— Exercise requirements —
Only the lines from the one that includes "Table 3 shows" through the last line below belong in the reply, copied exactly and without pictures.

— Input data —

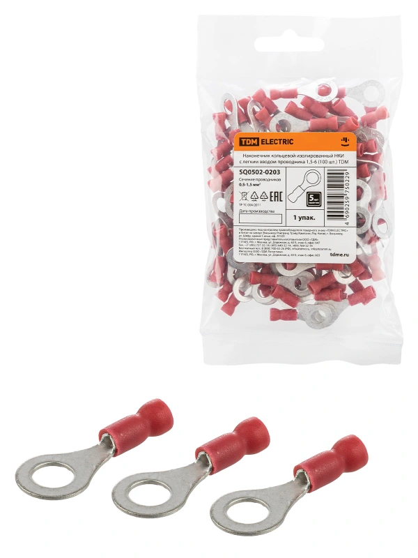 Наконечник кольцевой изолированный НКИ с легким вводом проводника 1,5-6 (100 шт.) TDM
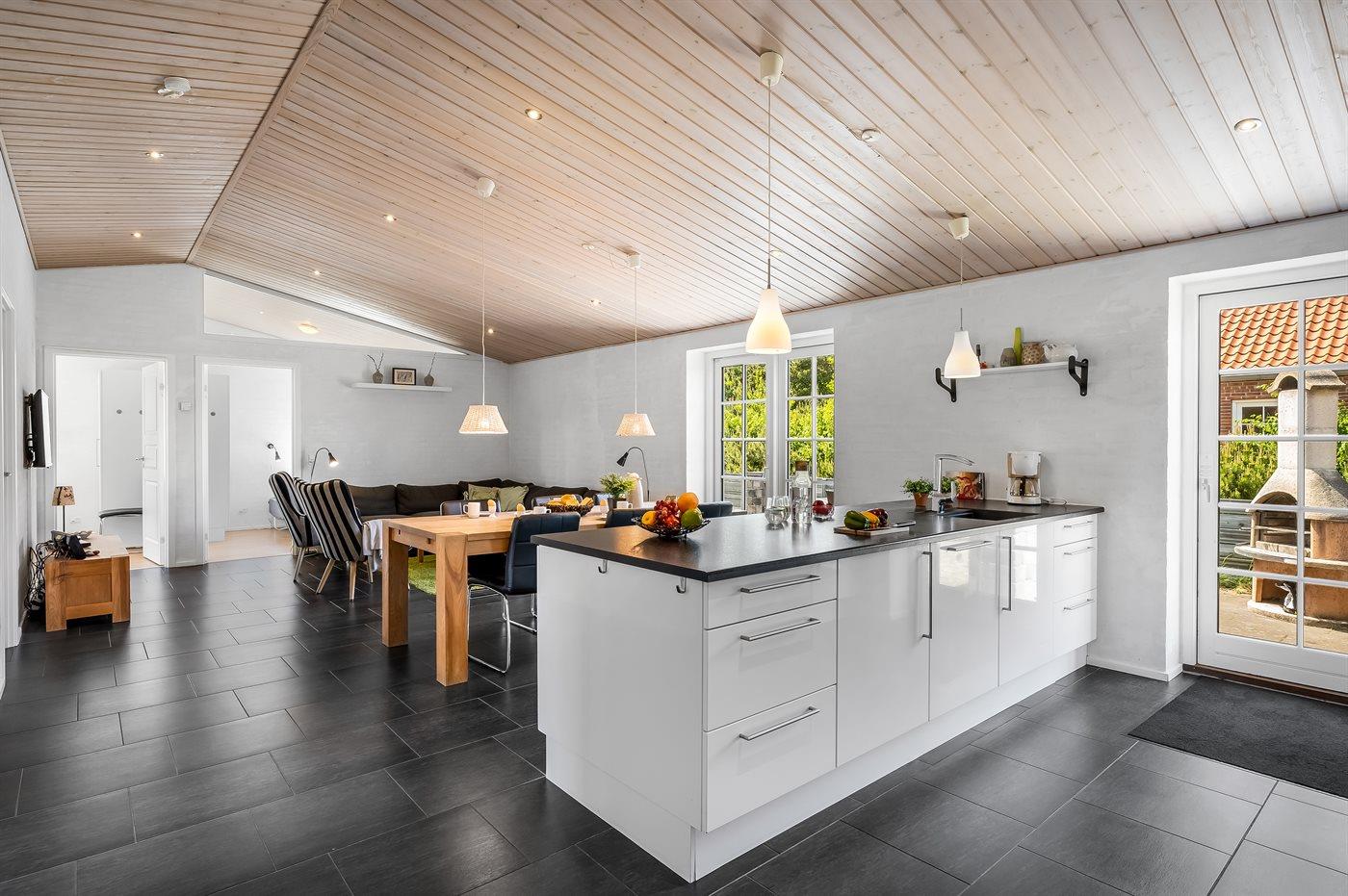 Køkkenet er udstyret med 1 køleskab. Der er 4 keramiske kogeplader, varmluftovn, mikrobølgeovn samt opvaskemaskine.
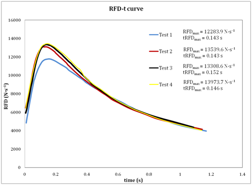 Table 3 shows the results of factor analysis (Communalities extracted on initial Eigenvalues First Component)-Component Matrix (H2). The factor analysis showed that the results of the second trial described the highest common variability for following variables: for RFD50% 0.961, for RFD100ms 0.924, for RFD180ms 0.970, for RFD250ms 0.978, while for RFDmax and tRFDmax this hapened in third trial-0.955 and 0.807, respectively. Figure 1 & 2 show the F-t and RFD-t relation of leg extensors for each made trial.
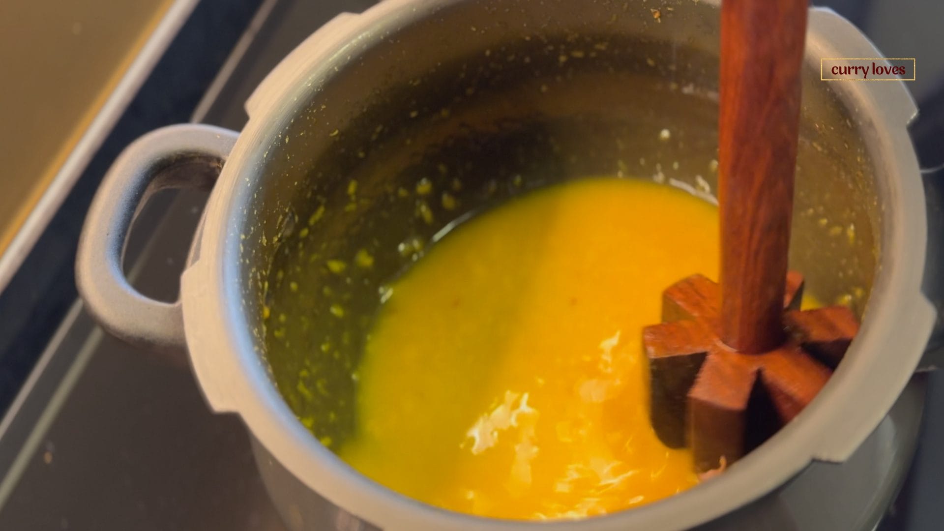 Once the steam settles, remove the weight, open the lid, and mash the dal lightly with a hand masher. Set the mashed dal aside.

— Task output —
 Table 3 shows the results of factor analysis (Communalities extracted on initial Eigenvalues First Component)-Component Matrix (H2). The factor analysis showed that the results of the second trial described the highest common variability for following variables: for RFD50% 0.961, for RFD100ms 0.924, for RFD180ms 0.970, for RFD250ms 0.978, while for RFDmax and tRFDmax this hapened in third trial-0.955 and 0.807, respectively. Figure 1 & 2 show the F-t and RFD-t relation of leg extensors for each made trial.
 Once the steam settles, remove the weight, open the lid, and mash the dal lightly with a hand masher. Set the mashed dal aside.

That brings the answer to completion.